▶ **WHAT TO PRODUCE**
Exactly as written, reproduce the lines from the beginning of the data through the line containing "GTZ5S MF 12V"; the pictures are not reproduced.

▶ **SUPPLIED MATERIAL**
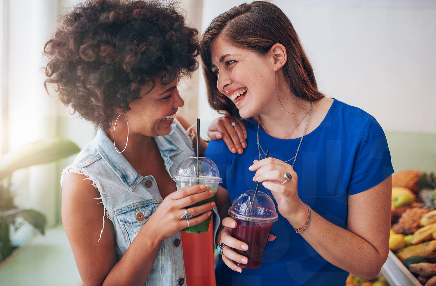 Portrait of cheerful young friends having fresh juice. Two young women at juice bar having a glass of fresh fruit juice together.
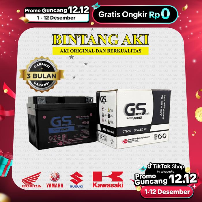 GTZ5S MF 12V 5AH AKI MOTOR HONDA BEAT VARIO 110 SUPRA X 125 SCOOPY SPACY BLADE REVO NEW MEGA PRO - AKSESORIS, KENDARAAN,
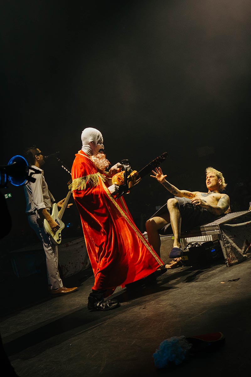 Ice Nine Kills neemt vandaag dan ook flink de tijd en presenteert vandaag maar liefst negentien tracks aan het publiek. Het fijne is dat de groep ook een aantal verrassingen in petto heeft. Zo zijn enkele bandleden van de punkrockband Real Big Fish mee op tournee en die voorzien de tracks van blazers en zodoende komt de feestelijke samenwerkingscover Walking On Sunshine voorbij, maar wordt er met The Impression That I Get ook nog een cover gespeeld van de eveneens uit Boston afkomstige formatie The Mighty Bosstones. Met Farewell II Flesh brengt de groep vervolgens de toeschouwers nog even in verwarring. Het oude en ook niet bijster interessante nummer is onbekend bij het gros en dit zorgt er even voor dat de energie wegebt. Daarbij is dit ook het enige nummer dat geen vorm van theater heeft. Opvallend genoeg zijn het de recente singles die wellicht de meeste respons krijgen. Vooral het op Batman-geïnspireerde The Laugh Track zorgt voor een feest op zowel het podium als in het publiek en het is de maniakale afsluiter A Work Of Art die alle registers los gooit met horror-icoon Art The Clown in sinterklaaskostuum, die vervolgens meerdere mensen op het podium gruwelijk en goor vermoordt.

▶ **SOLUTION TO THIS PROBLEM**
 Portrait of cheerful young friends having fresh juice. Two young women at juice bar having a glass of fresh fruit juice together.
 GTZ5S MF 12V 5AH AKI MOTOR HONDA BEAT VARIO 110 SUPRA X 125 SCOOPY SPACY BLADE REVO NEW MEGA PRO - AKSESORIS, KENDARAAN,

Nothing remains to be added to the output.